Die Fallhöhe als Begriff der Dramentheorie bezeichnet das Verhältnis der kathartischen Wirkung des tragischen Falls eines Helden und seines sozialen und moralischen Ranges.

Explikat 

Der Begriff der Fallhöhe setzt den Fall eines Helden und die beispielhafte Wirkung des Falls in Beziehung zu seinem sozialen und moralischen Rang. Die Fallhöhe steht somit in enger Verbindung zur Ständeklausel und weist dem Fall des höherständigen Helden eine stärkere tragische Wirkung beim Publikum zu (vgl. Aristoteles 2014, S. 39). Aus der Verbindung von Ständeklausel und Fallhöhe ergeben sich zudem weitere Ansprüche an den tragischen Helden, der sich zum einen sozial, aufgrund seiner moralischen Integrität, seiner Sprache und seines Verhaltens auszeichnen sollte. Zum anderen muss er jedoch auch eine tragische Verfehlung besitzen, die sein Scheitern plausibel macht (vgl. ebd.). Darüber hinaus sind auch die Schwere des Konflikts und die Dramatik des Scheiterns weitere Faktoren zur Bestimmung der Fallhöhe. 
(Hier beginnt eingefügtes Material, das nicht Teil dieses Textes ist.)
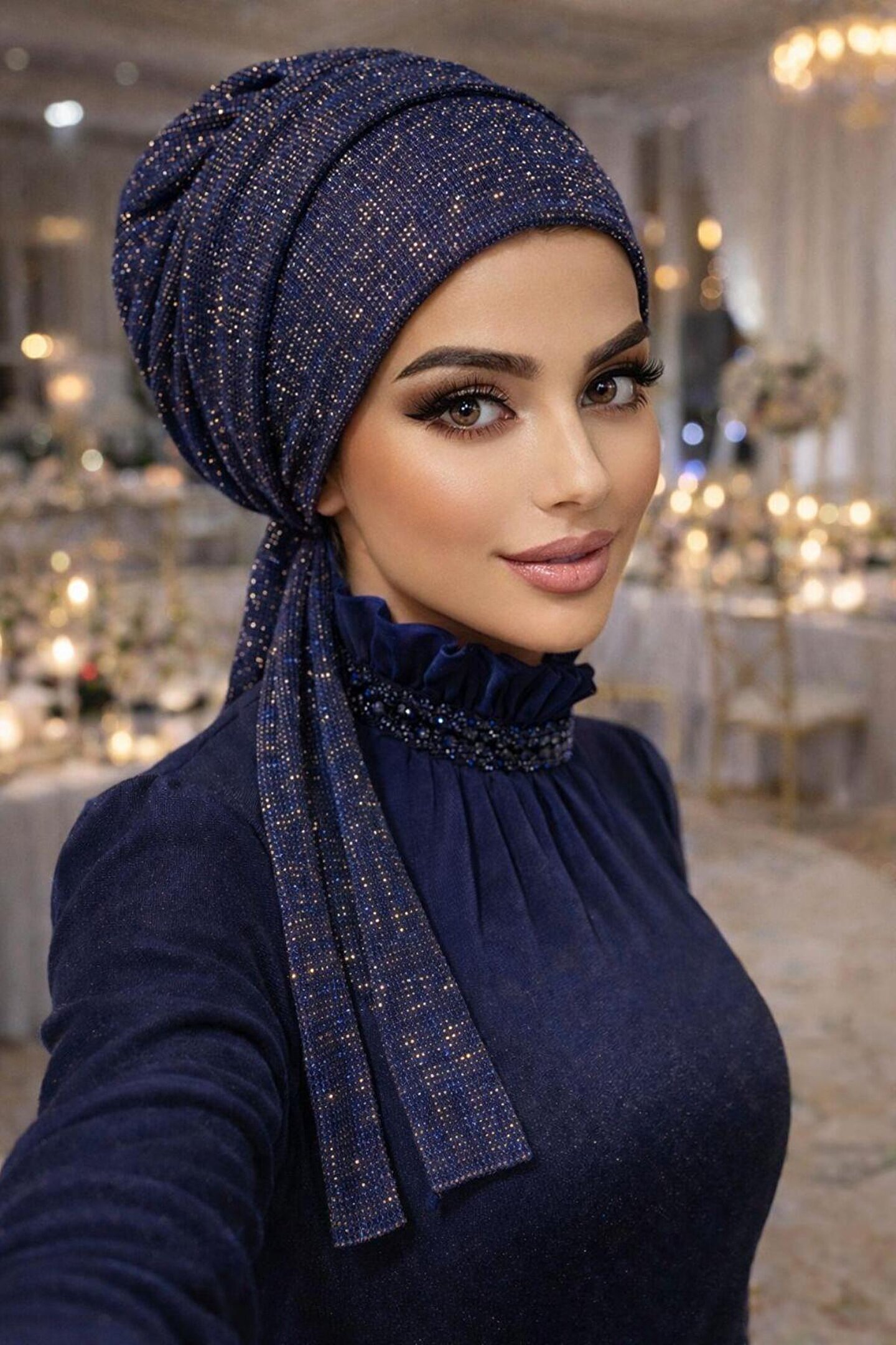 Aişe tesettür Lacivert Gold Işıltılı Atkılı Tesettür Bone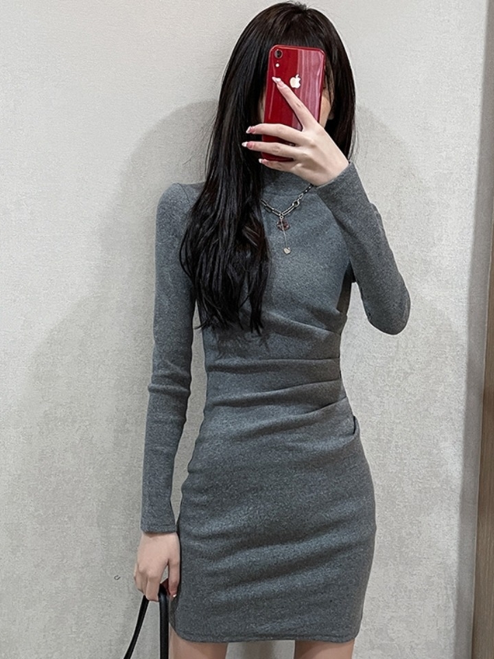 性感v领设计,很好地修饰女性颈部线条,修身版型,显瘦显身材,柔软亲肤针织面料,穿着舒适自在,简约纯色修身连衣裙。

Mit dem bürgerlichen Trauerspiel und dem in diesem agierenden bürgerlichen Dramenpersonal wurde nicht nur die Ständeklausel zurückgewiesen, sondern auch die Fallhöhe. Insbesondere aus diesem Grund wird bei der Auswahl des illustrierenden Beispiels um dem Bereich des Theaters herumgewandert und ein filmisches Beispiel gewählt: die TV-Adaption von George R. R. Martins Buchserie A Song of Ice and Fire. Als fehlerhafter Held, der schließlich aufgrund seiner tragischen Verfehlung zu Fall kommt, bietet sich Eddard 'Ned' Stark an, der zumindest in der Populärrezeption als tragischer Held klassifiziert wird:

Ned Stark’s story is lifted right out of the pages of Othello: A great man is brought into a culture that feels foreign to him, so that he can take a leadership role within it. A manipulative villain, with Littlefinger taking the place of Iago, ingratiates himself to our hero, pretending to be his friend while actually undermining him. The villain is jealous of the hero's nobility, and decides to twist the hero's fundamental decency—and the naiveté that comes with being trusting—into a weapon with which to destroy him. (Marcotte 2015)

Sozial ausgezeichnet ist Ned Stark zum einen als Lord des Hauses Stark, womit er zu einem der großen Häuser in der fiktiven Welt Westeros gehört. Dieser Status wird zudem noch durch seine Ernennung zur Hand des Königs, die ihn zum zweiten Mann in Westeros macht, zusätzlich erhöht. Unterstrichen wird diese hohe soziale Position zum anderen durch eine herausgehobene Figurenkonzeption, die ihn als aufrichtigen, integren und loyalen Mann (und Helden) zeichnet. 

In dieser Aufrichtigkeit liegt gleichermaßen jedoch der tragische Fehler Ned Starks, der seinen Fall motiviert und handlungsintern verdient erscheinen lässt. Es ist Ned Starks Ehrbegriff, der ihn daran hindert, in der Intrigen geschwängerten Umgebung von King's Landing moralische Kompromisse und Verbindungen einzugehen und seine Gegenspieler und vor allen Dingen Gegenspielerinnen zu erkennen und adäquat auf diese zu reagieren. Diese Unfähigkeit ist es, die sein unvermeidliches Scheitern und Ende begründet. Ein Ende, das gerade aufgrund der Fallhöhe eine höchste Erregung beim Publikum ausgelöst hat (vgl. Morgan 2011). 

P.S.: Als einzige einschränkende Bemerkung diesbezüglich sei an dieser Stelle nur erwähnt, dass man sowohl im Hinblick auf die gezeichnete (tragische) Figurenkonzeption (vgl. Marcotte 2015) als auch auf die Besetzung Ned Starks möglicherweise von seiner Hinrichtung weniger überrascht hätte sein können.


 Bibliographie

Primärliteratur 

  • Aristoteles: Die Poetik. Bibliographisch ergänzte Ausgabe. Stuttgart: Reclam, 2014.